USDA’s rural housing programs take extreme hits in the president’s budget proposal. The budget eliminates all direct funding for rural housing programs, leaving only rural rental assistance for existing properties and some guaranteed loan programs. The guaranteed loan programs do not serve the lowest-income renters well. Section 521 Rural Rental Assistance was funded at $1.407 billion, but it is not clear if this is enough to renew all rental assistance contracts.
The president’s budget provides zero funding for the Section 515 Rural Rental Housing program, which provides subsidized loans to build affordable rentals in rural areas. Section 515 developments serve rural residents with the lowest incomes, including seniors and disabled persons. They are often the only affordable housing for miles around. It eliminates a program to preserve affordable rental housing, the Multifamily Preservation and Revitalization Demonstration. The budget also zeroes out the Section 514/516 Farm Labor Housing programs, which provide affordable housing for low-income farmworkers, both on farms and in communities. In addition, it cuts all funding for Section 502 Direct Loans. These are subsidized loans that make homeownership affordable to low-income households in rural areas.

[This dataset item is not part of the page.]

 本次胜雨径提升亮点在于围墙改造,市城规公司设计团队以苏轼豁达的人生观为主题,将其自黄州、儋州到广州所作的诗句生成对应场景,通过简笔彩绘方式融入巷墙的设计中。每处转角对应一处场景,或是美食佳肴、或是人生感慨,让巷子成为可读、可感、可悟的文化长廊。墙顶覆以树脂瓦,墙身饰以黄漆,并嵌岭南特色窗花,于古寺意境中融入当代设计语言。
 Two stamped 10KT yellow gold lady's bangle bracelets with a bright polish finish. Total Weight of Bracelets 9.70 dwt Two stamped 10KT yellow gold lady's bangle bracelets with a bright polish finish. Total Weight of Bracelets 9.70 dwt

This is the same package of extreme housing cuts, unjust rent increases and cruel work requirements that a Republican Congress has rejected each of the past two years. Now that Democrats control the House of Representatives, there is little chance that these proposals will be enacted. The House and Senate Appropriations Committees will work on their own individual funding bills this spring and summer. The goal will be to reconcile the bills and pass the appropriations by September 30, the end of the federal fiscal year.
Affordable housing programs at HUD and USDA have seen funding increases in the last two years. This is due to Congress lifting spending caps for FY 2018 and FY 2019 that had been imposed by the Budget Control Act in 2011. These spending caps are called sequestration, and would require severe mandatory funding cuts across most programs in the federal government. According to the Center on Budget and Policy Priorities, sequestration caused a $400 billion drop in non-defense discretionary spending from 2011 to 2017. The 2018-2019 budget agreement started to reverse the government’s disinvestment in affordable housing. Congress needs to again lift the spending caps to make more affordable housing available for low-income renters.

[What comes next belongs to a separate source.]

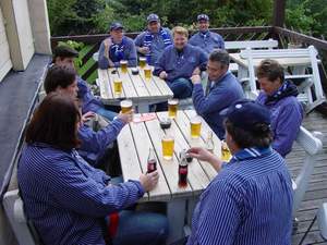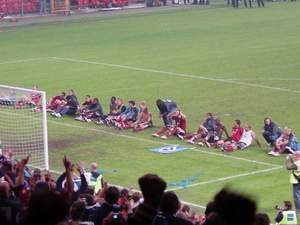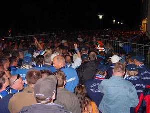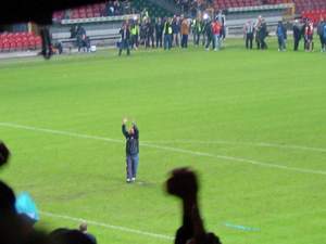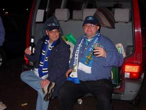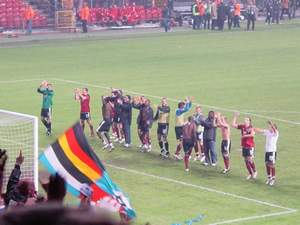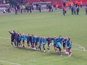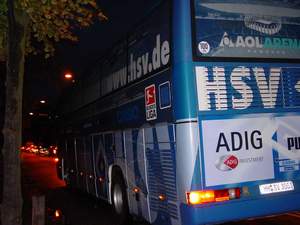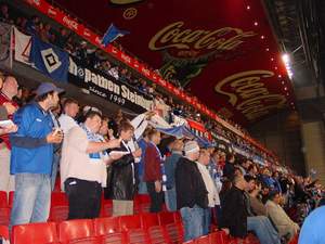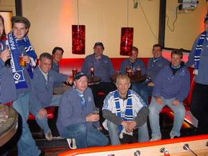Zum Stichwort „Einnicken“ fällt mit noch spontan jemand ein: Gladi ! „Ich war nur mal eben eingedöst.“ Aber eins muß man Gladi lassen, er hat den HSV nie aufgegeben und immer gesagt, das Spiel gewinnen wir noch. Zusammenfassend kann ich sagen, dass es eine „geile“ Ausfahrt war trotz der Strapazen der langen Hin- und Rückfahrt von 760 km, wir waren alle 24 Stunden auf den Beinen, glaube ich ! Aber so schnell möchte ich nicht wieder in das bunker-ähnliche Stadion „Parken“. Von Innen und Außen mag es vielleicht schön aussehen, aber was einem dort beim Einlaß widerfahren ist und wie es in den Katakomben aussieht, lässt doch sehr zu wünschen übrig. Hut ab !!! : Birger, Iris, Piet, Gladi, Wolfgang, Philip, Andreas, Harald, Thomas, Gabi, Stephan und Claudia ! Auf geht’s HSV, weiter nach Europa !!!! Steffi |

President Trump’s most significant legislative achievement was the tax cut package passed in 2017. These tax cuts overwhelmingly benefit large corporations and wealthy Americans, and will increase the national deficit by more than $1 trillion. His budgets since then have proposed massive cuts to critical safety net programs, including affordable housing, to pay for these tax breaks. Congress has recognized that food assistance, health coverage and affordable housing are critical lifelines for millions of low-income Americans. As the FY 2020 appropriations process unfolds, representatives and senators will need to hear from low-income renters that affordable housing programs must be fully funded.